Understanding Big Data Characteristics
Bid data is very outsized and intricate data that is somewhat challenging to process, capture and evaluate using the existing computing set-up. (Russon, 2011) It is usually characterized by its volume, for example, Exabyte’s, terabytes, the rate at which it arrives, the variety, variability, inconsistency, and usefulness. Big data magnitudes are regularly increasing, presently vacillating from a little dozen terabytes to voluminous petabytes of figures in a distinct data set. Subsequently several of the complications linked to big data comprise of: capture, loading, exploration, distribution, visualizing and analytics. This research will be mainly based on the identification of challenges that arise from big data analytics. (Zikopoulos, 2011). Big data is utilized by many companies in and its need will continually grow as the world continues to develop in technology. Some of its current applications include, security: big social data acts as a primary pointer in impending action by a prospective agitator, business intelligence: that is in manufactured goods endorsement, and product anti-counterfeiting intelligence: that is a product worth reconnaissance and early exposure to hostile happenings and food-borne illness to mention just a few. It is also applicable in scientific research with it providing a new paradigm in research.

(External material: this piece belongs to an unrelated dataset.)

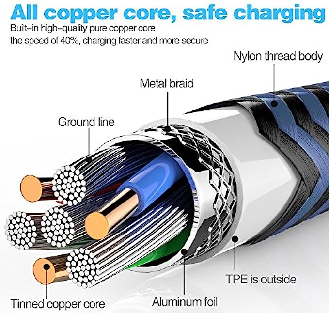 Nylon Braided, Extreme Durability: With a tested 12000+ bend lifespan, this USB-C to USB-A charging cable is far more dependable than others in its price range. Premium nylon braided Type C cable adds additional durability.
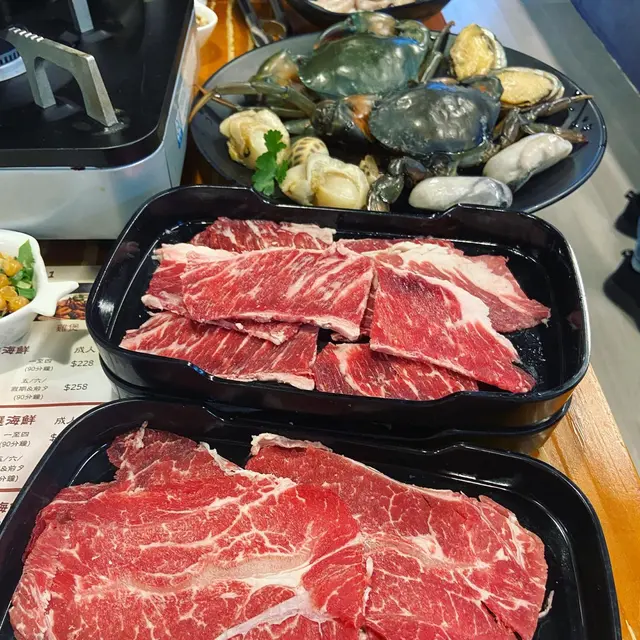 加湯就開始打邊爐,火鍋配料比較特別嘅有台灣腸同脆鯇,至於大蜆就小心有沙。至於特選海鮮有兩隻蟹、帶子同鮑魚,除咗出面嘅配料仲有得寫紙仔要各款新鮮肉類。推介牛肩胛、生蠔。

Examples of big data include; The Large Hadron Collider, social media, for instance, Twitter, the Square Kilometer Array and NASA’s Solar Dynamics Observatory. However, with all of its aptitude and potential, big data presents a lot of major complications for scientists and researchers. (Srinivasa, 2012) This research task will run a summary of the challenges faced in big data analytics. It will also recommend a theoretical outline for handling the challenges and improving big data analytics. This study will be helpful in bringing up-to-date researchers about the most contemporary advancements and challenges in big data analytics.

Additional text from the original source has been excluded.